Service Build and Deploy
For rapid iteration during development and targeted hotfixes in production, MATIH provides scripts to build and deploy individual services without running the full CD pipeline. The two primary scripts -- service-build-deploy.sh and full-service-rebuild.sh -- handle the complete workflow from source code to running Kubernetes pod.
Single Service Deployment
service-build-deploy.sh
./scripts/tools/service-build-deploy.sh <service-name> [options]This script handles the complete lifecycle for a single service:
- Build the Docker image from source
- Tag the image with version and git SHA
- Push the image to ACR
- Deploy via Helm upgrade to the correct namespace
- Validate the deployment is healthy
Usage Examples
# Build and deploy ai-service
./scripts/tools/service-build-deploy.sh ai-service
# Build and deploy with a specific tag
./scripts/tools/service-build-deploy.sh ai-service --tag 1.0.0-hotfix1
# Build only (no deploy)
./scripts/tools/service-build-deploy.sh ai-service --build-only
# Deploy only (skip build, use existing image)

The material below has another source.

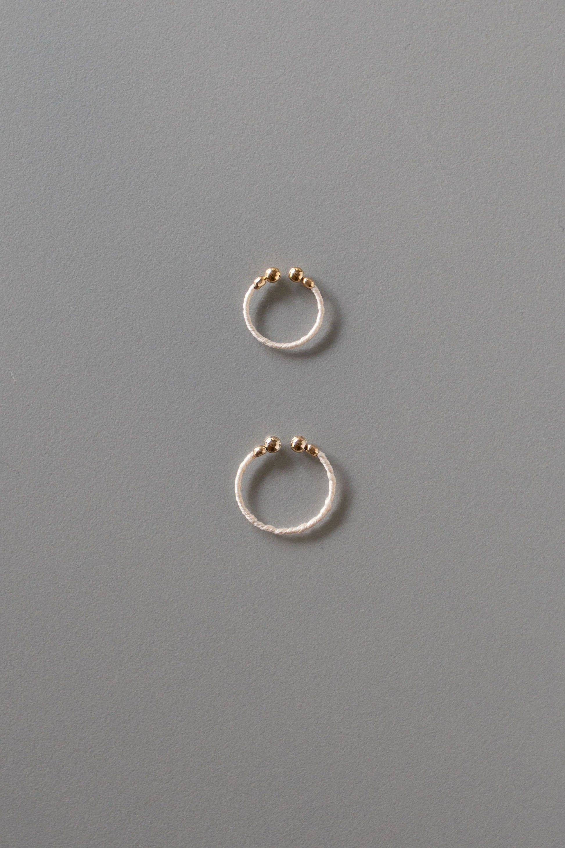 絲線內側使用如彈簧般具有彈性的金屬線,隙縫展開時即可輕鬆配戴或取下。也能透過施力微調開合,依需求調整配戴的寬度。能自然貼合每個人的耳型,不易滑落,配戴起來安心穩定。建議將耳扣配戴在耳朵軟骨的凹陷處,能更好地固定。

./scripts/tools/service-build-deploy.sh ai-service --deploy-only --tag 1.0.0-abc1234
# Deploy with dev values
./scripts/tools/service-build-deploy.sh ai-service --environment devScript Options
| Option | Description | Default |
|---|---|---|
--tag <tag> | Override image tag | <version>-<git-sha> |
--build-only | Build and push, do not deploy | false |
--deploy-only | Deploy existing image, do not build | false |
--environment <env> | Target environment (dev/staging/prod) | dev |
--namespace <ns> | Override target namespace | Auto-detected |
--no-wait | Do not wait for rollout completion | false |
--dry-run | Show commands without executing | false |
Execution Flow
service-build-deploy.sh ai-service
|
+-- 1. Detect service type (java/python/node)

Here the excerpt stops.